D port of dmd: Lexer, Parser, AND CodeGenerator fully operational

Zach the Mystic reachMINUSTHISzachgmail at dot.com
Thu Mar 8 08:22:26 PST 2012


On Thursday, 8 March 2012 at 07:49:57 UTC, Jonathan M Davis wrote:
> The lexer is going to need to take a range of dchar (which may 
> or may not be an array),
> And while the lexer would need to operate on generic ranges of 
> dchar, it would probably have to be special-cased for strings 
> in a number of places

I know what you mean. I actually cut out ddmd's conversion stuff 
because I had glanced over phobos I saw plenty of functions 
designed for this! I must have intuited what you are saying. dmd 
does all conversion to char* prior to sending the buffer to the 
lexer. I doubt there's a reason to change this procedure, only to 
put that conversion code directly into module dmd.lexer instead.
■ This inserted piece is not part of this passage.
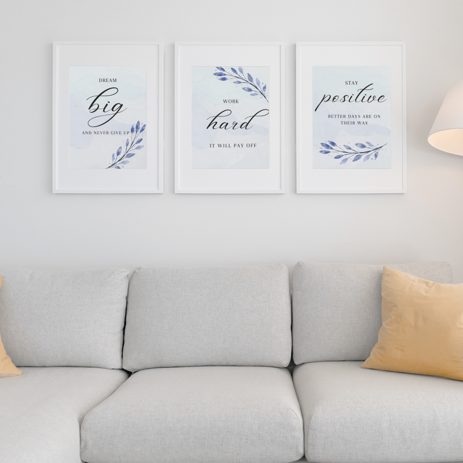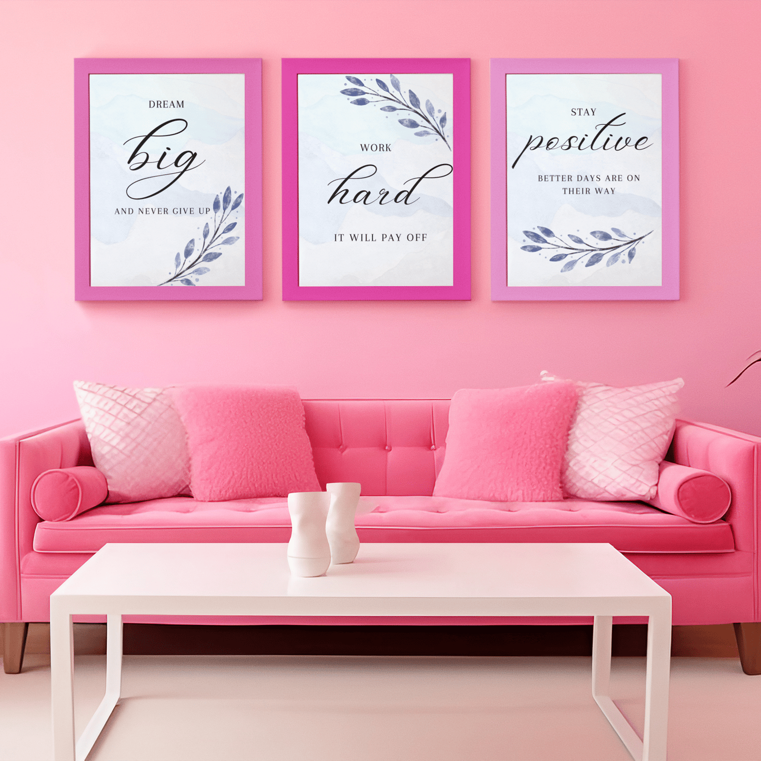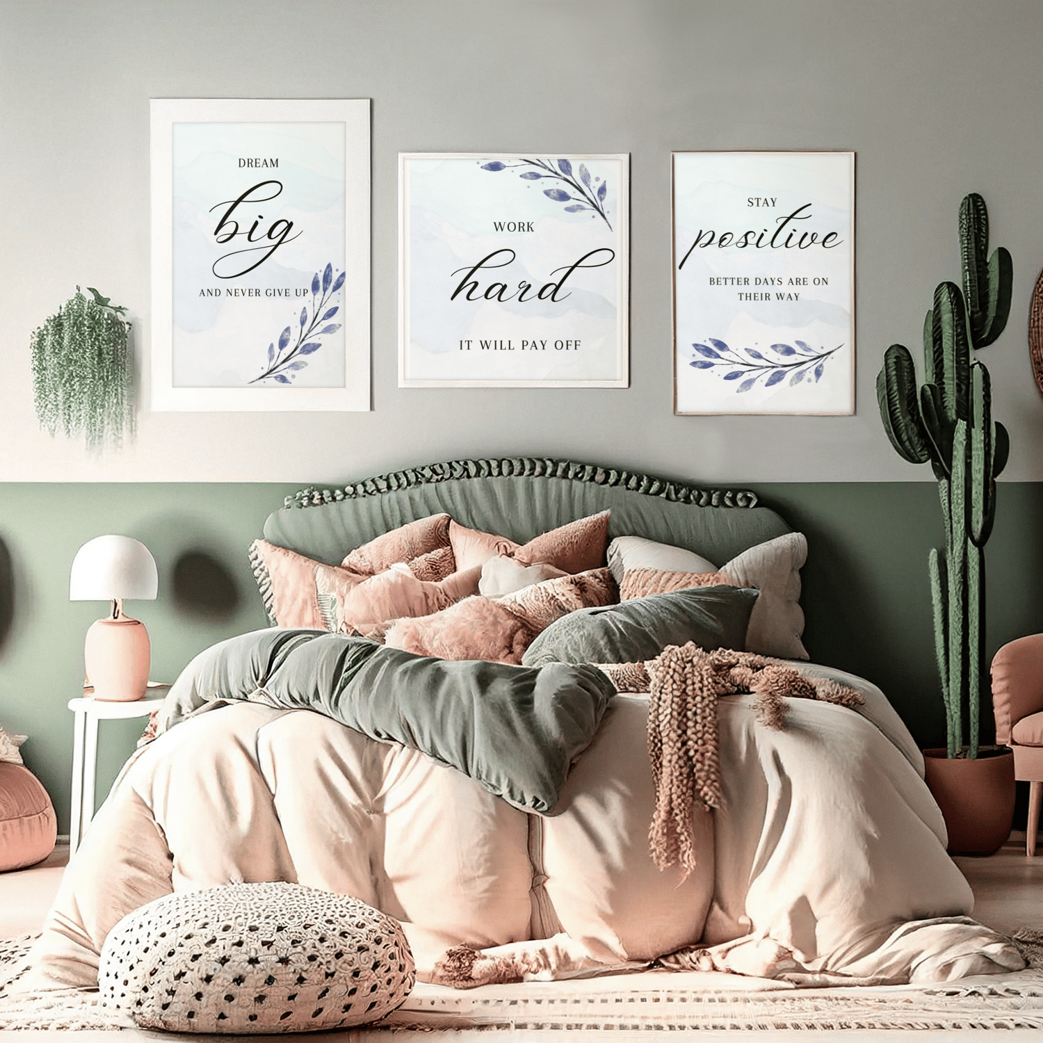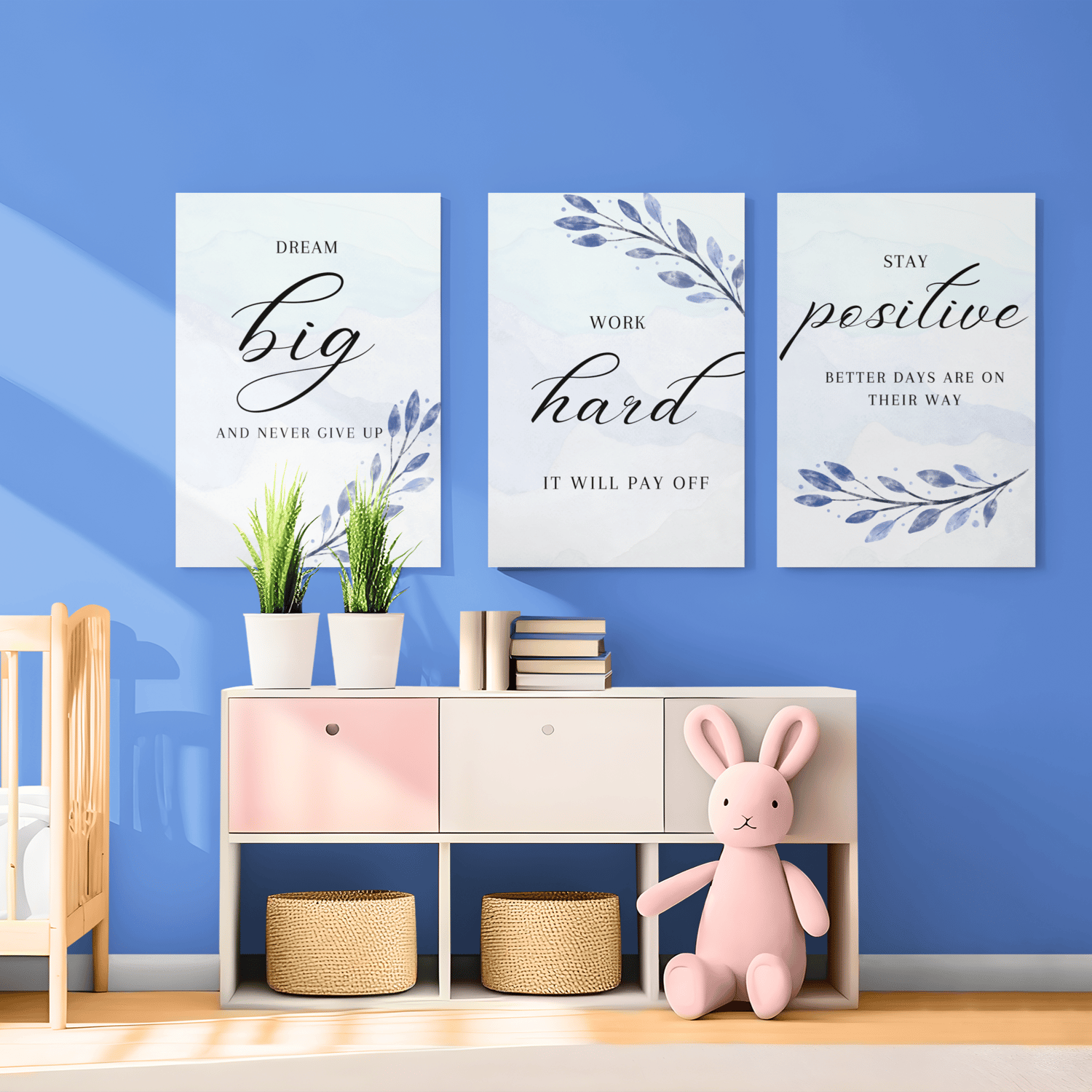 Motivational Wall Art Set of 3 – Dream Big, Work Hard, Stay Positive Printable Decor

> The parser would then take a range of  tokens and then output 
> the AST in some form  or other - it probably couldn't be  
> range, but I'm not sure.

Dmd's AST is pretty idiosyncratic.
Example: class FuncDeclaration (function declaration ) has a 
bunch of named members:
{
Identifier ident; // the function's name
Parameter[] parameters; // its parameters
Statement frequire; // the in{} contract, if present
Statement fbody; // function body
etc.

Each one has its own name. I actually was working on how to turn 
it into a more iterable format, since if you want to edit the AST 
directly you're going to need to cursor down or up to the element 
you want. It's actually doable, but it's not a natural range-ish 
format. That's where I'm confused about the licensing issues, 
since I'm not sure if the particular object structure which gets 
parsed is also going to be in phobos or if it must remain GPL, 
which I'm not sure I want to continue using.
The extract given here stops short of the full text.